What is required = Give an exact copy of the data that follows, but none of its pictures.

[[ Supplied information, beginning ]]

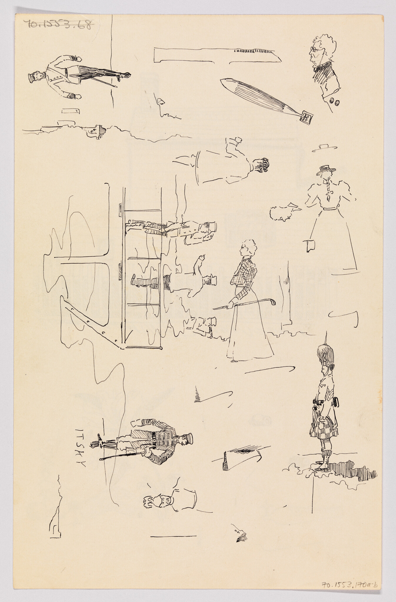 Verso: (Sketches of Sailors on Deck, Soldiers, Blimp, Golfer, and Figures)
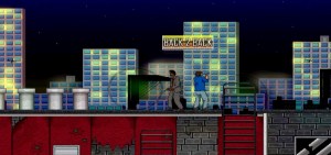 they both ascent to the rooftop. quite a fitting scene for a finale. the bloom from the windows is obviously HD. and every light is an individual animation. it made flash chug quite heavily under the strain.
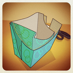 The tissue box is already pretty. That means I don’t have to decorate it to make it look nice. I just have to make it fit the paper.

[[ Supplied information, end ]]

Answer area =
 Verso: (Sketches of Sailors on Deck, Soldiers, Blimp, Golfer, and Figures)
 they both ascent to the rooftop. quite a fitting scene for a finale. the bloom from the windows is obviously HD. and every light is an individual animation. it made flash chug quite heavily under the strain.
 The tissue box is already pretty. That means I don’t have to decorate it to make it look nice. I just have to make it fit the paper.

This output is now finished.